Exercise:
From the data that follows, print exactly the lines starting at the one containing "O mais famoso" and ending at the one containing "2022年5月14日6時52"; include both of them and nothing more.

Given information:
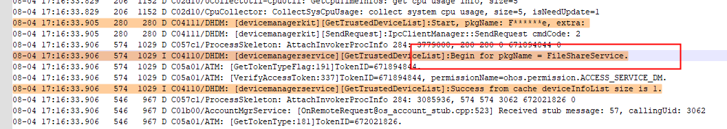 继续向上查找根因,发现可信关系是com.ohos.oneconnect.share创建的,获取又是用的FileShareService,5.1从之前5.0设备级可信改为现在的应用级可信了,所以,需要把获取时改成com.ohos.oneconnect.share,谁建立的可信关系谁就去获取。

* * *

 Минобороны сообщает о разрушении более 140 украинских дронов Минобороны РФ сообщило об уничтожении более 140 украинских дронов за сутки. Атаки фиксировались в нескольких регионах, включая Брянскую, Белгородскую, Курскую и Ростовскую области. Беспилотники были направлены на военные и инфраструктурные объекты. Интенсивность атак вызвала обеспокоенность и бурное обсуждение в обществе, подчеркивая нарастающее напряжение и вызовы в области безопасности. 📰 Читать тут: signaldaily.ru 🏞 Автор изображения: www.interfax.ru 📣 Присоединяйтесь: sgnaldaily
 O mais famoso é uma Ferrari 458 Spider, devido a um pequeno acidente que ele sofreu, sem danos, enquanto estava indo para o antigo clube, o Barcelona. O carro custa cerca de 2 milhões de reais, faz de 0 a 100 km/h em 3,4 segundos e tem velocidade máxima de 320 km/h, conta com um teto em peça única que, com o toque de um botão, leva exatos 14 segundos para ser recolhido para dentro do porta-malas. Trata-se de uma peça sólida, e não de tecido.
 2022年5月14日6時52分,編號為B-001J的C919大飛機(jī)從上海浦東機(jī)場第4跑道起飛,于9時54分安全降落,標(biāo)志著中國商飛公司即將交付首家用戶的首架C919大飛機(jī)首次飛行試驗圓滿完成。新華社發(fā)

Response to this exercise:
 O mais famoso é uma Ferrari 458 Spider, devido a um pequeno acidente que ele sofreu, sem danos, enquanto estava indo para o antigo clube, o Barcelona. O carro custa cerca de 2 milhões de reais, faz de 0 a 100 km/h em 3,4 segundos e tem velocidade máxima de 320 km/h, conta com um teto em peça única que, com o toque de um botão, leva exatos 14 segundos para ser recolhido para dentro do porta-malas. Trata-se de uma peça sólida, e não de tecido.
 2022年5月14日6時52分,編號為B-001J的C919大飛機(jī)從上海浦東機(jī)場第4跑道起飛,于9時54分安全降落,標(biāo)志著中國商飛公司即將交付首家用戶的首架C919大飛機(jī)首次飛行試驗圓滿完成。新華社發(fā)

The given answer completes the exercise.